Si hay alguna aventura, real, gravitante, ésta es psíquica, ética, interna. La decidida voluntad de penetración psicológica requiere contemplación, valoración de silencios, atención cabal a gestos y actos mínimos; historias que no estén cargadas de peripecias y sentimentalismo que apesten a perfume barato, sino, incluso, despojamiento, desnudez, ahuecamiento, perseguir por rarificación de algo ‘humano’ hasta casi la inexistencia aparente.

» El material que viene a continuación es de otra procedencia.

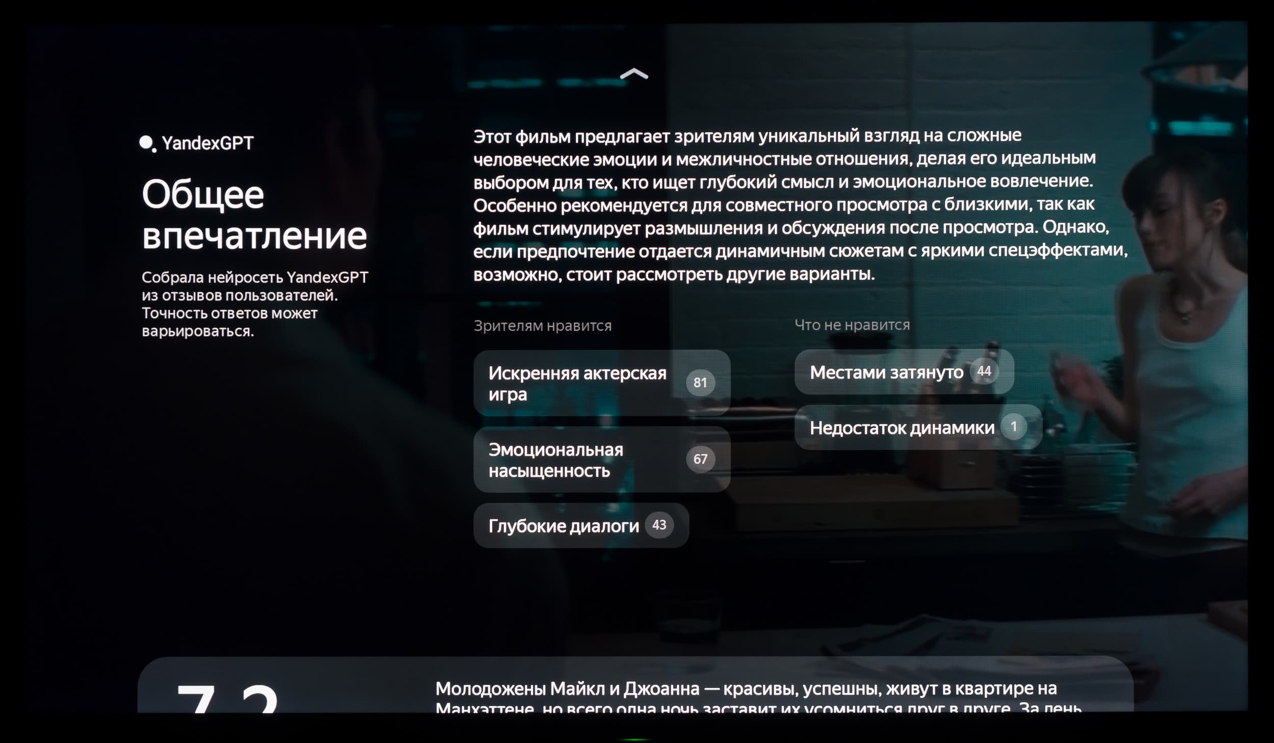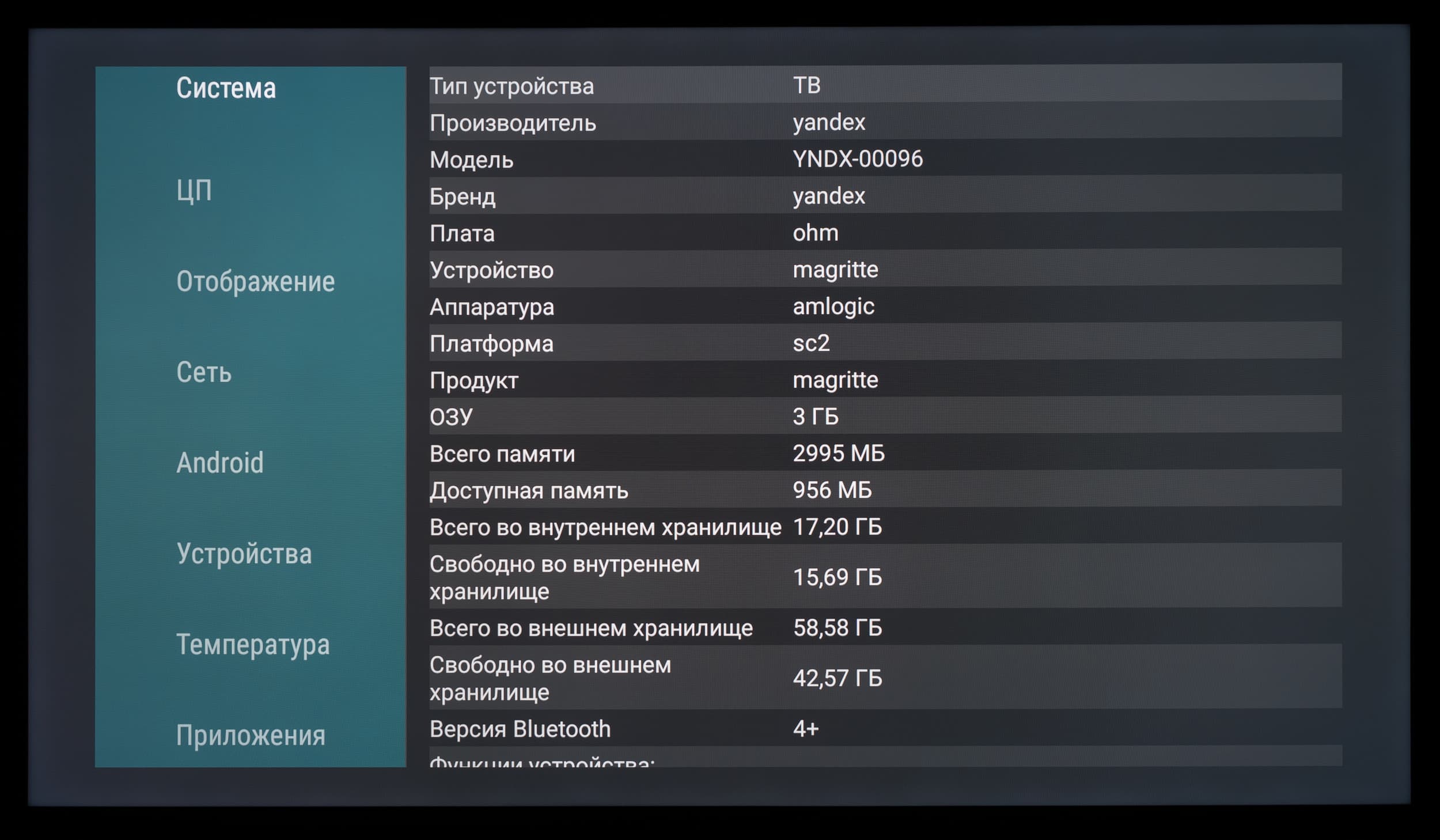«Яндекс» планомерно старается перевести массы пользователей на использование исключительно своей экосистемы: собственная оболочка, «Умный дом», «Кинопоиск», «Яндекс Музыка», Yandex GPT/Pro, сильно ограниченный встроенный магазин приложений (но это не ограничивает вас в установке сторонних файлов .apk), отсутствие входов под антенну и кабельное ТВ, отсутствие слота под CI-модуль. С точки зрения компании, всё должно быть онлайн, и желательно иметь источником сервисы самого «Яндекса». Подход известный и дающий хорошие плоды именитым западным брендам.

Antononi encuentra correlatos perfectos, como la poderosa presencia del mar furioso, para hacernos sentir la analogía con todo lo reprimido de un ser humano, que grita, que cansado de enmudecer, explota; o aquellos islotes rocosos, empinados y yermos, como proyecciones humanas de la geografía, para que inspeccionemos cabalmente el vacío interior que no deja lugar para el descanso inocente, la evasión dulzona, la blanda tibieza de una esperanza.Es en la segunda parte donde la película muta significativamente. Si, en la primera, la inquietud existencial dominaba el paisaje mental ampliamente, en la segunda, la película deviene sentimental. El amor entre hombre y mujer es el núcleo lastimado, sobre el que no se practica una profundización necesaria de las razones que sostienen la desdicha de una sociedad, de las que sus protagonistas son un par de simples piezas, de movimientos predecibles, programados. Clásicos, se diría.